See cppreference: std::atomic for the full API and cppreference: memory_order for ordering details.
6. std::once_flag and std::call_once
std::call_once guarantees that a callable is executed exactly once, even if called from multiple threads. This is commonly used for lazy initialization of shared resources.
#include <mutex>
#include <iostream>
#include <thread>
std::once_flag init_flag;
int* shared_resource = nullptr;
void initResource() {
shared_resource = new int(42);
std::cout << "Resource initialized" << std::endl;
}
void worker() {
std::call_once(init_flag, initResource);
std::cout << "Resource value: " << *shared_resource << std::endl;
}
int main() {
std::thread t1(worker);
std::thread t2(worker);
std::thread t3(worker);
t1.join();
t2.join();
t3.join();
// "Resource initialized" is printed exactly once
delete shared_resource;
return 0;
}
7. std::jthread and Stop Tokens (C++20)
std::thread has two awkward properties: it terminates the program if you destruct it without joining, and it has no built-in cancellation mechanism. std::jthread (C++20) fixes both.
#include <thread>
#include <stop_token>
#include <iostream>
void worker(std::stop_token st) {
while (!st.stop_requested()) {
// do work
std::this_thread::sleep_for(std::chrono::milliseconds(100));
}
std::cout << "stopping cleanly\n";
}
void example() {
std::jthread t(worker); // takes a stop_token automatically
std::this_thread::sleep_for(std::chrono::seconds(1));
// jthread's destructor calls request_stop() and join() automatically
}
Compared to std::thread:
- Auto-joining destructor.

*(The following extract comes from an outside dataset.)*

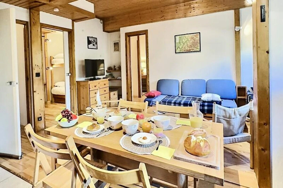 L'appartamento si estende su 53 m² ed è progettato con cura per offrire comfort e praticità. Il soggiorno dispone di due letti singoli, mentre la prima camera da letto offre un comodo letto matrimoniale. La seconda camera da letto include letti a castello, con il letto superiore non adatto a bambini di età inferiore ai sei anni. Una cucina completamente attrezzata con piano cottura elettrico, forno a microonde, frigorifero e lavastoviglie vi permetterà di preparare i pasti con facilità. La proprietà vanta anche un bagno con vasca e WC, oltre a un ulteriore bagno con doccia e WC, offrendo ampi servizi per tutti gli ospiti. Servizi moderni come la TV e il deposito sci contribuiscono al comfort del vostro soggiorno.

No more
std::terminateif you forget to calljoin(). - Built-in
stop_token. The thread can cooperatively exit early. - Same API otherwise.
For cancellation, the worker checks stop_requested() in its loop. For interruptible waits, use stop_callback to wake up a condition_variable_any:
std::condition_variable_any cv;
std::stop_callback cb(stop_token, [&] { cv.notify_all(); });
cv.wait(lock, stop_token, [] { return ready; }); // wakes on ready or stop
8. Latches, Barriers, and Semaphores (C++20)
C++20 added three high-level synchronization primitives.
8.1 std::latch
A one-shot counter. Threads call count_down() to decrement, wait() to block until it reaches zero. Cannot be reused.
#include <latch>
#include <thread>
#include <vector>
std::latch start{1}; // initial count
std::latch finish{N}; // wait for N workers
std::vector<std::jthread> ts;
for (int i = 0; i < N; ++i) {
ts.emplace_back([&] {
start.wait(); // block until main signals start
do_work();
finish.count_down();
});
}
start.count_down(); // release all workers
finish.wait(); // wait for all to finish
8.2 std::barrier
Like latch but reusable. After all threads arrive, the barrier resets to its initial count, optionally running a completion function.
#include <barrier>
std::barrier sync_point{N, [] {
// runs once when all N arrive, before they're released
std::cout << "phase complete\n";
}};
void worker() {
for (int phase = 0; phase < 3; ++phase) {
do_phase_work();
sync_point.arrive_and_wait(); // all threads sync here
}
}
8.3 std::counting_semaphore / std::binary_semaphore
A counting semaphore controls access to a resource with limited capacity.
#include <semaphore>
std::counting_semaphore<10> pool{3}; // up to 3 concurrent acquirers
void worker() {
pool.acquire(); // blocks if 3 already acquired
do_limited_resource_work();
pool.release();
}
std::binary_semaphore is std::counting_semaphore<1> — a lock that can be signaled across threads (similar to a Win32 event or POSIX semaphore). Often simpler than a condition_variable: just acquire() to wait, release() to wake one waiter.
9. thread_local Storage
thread_local (C++11) declares a variable with per-thread storage duration. Each thread gets its own independent copy.
thread_local std::string error_message;
thread_local std::mt19937 rng{std::random_device{}()};
void worker() {
rng(); // each thread has its own engine
error_message = "..."; // each thread has its own buffer
}
Common uses:
- Per-thread caches that don't need synchronization.
- Per-thread random number generators (see C++ Random § 6).
- Error context that's thread-scoped (errno-like).
- Logging context (which request am I handling).
thread_local variables are constructed on first use within each thread and destroyed when the thread exits. They also work at namespace scope (one per thread, globally) and as static class members.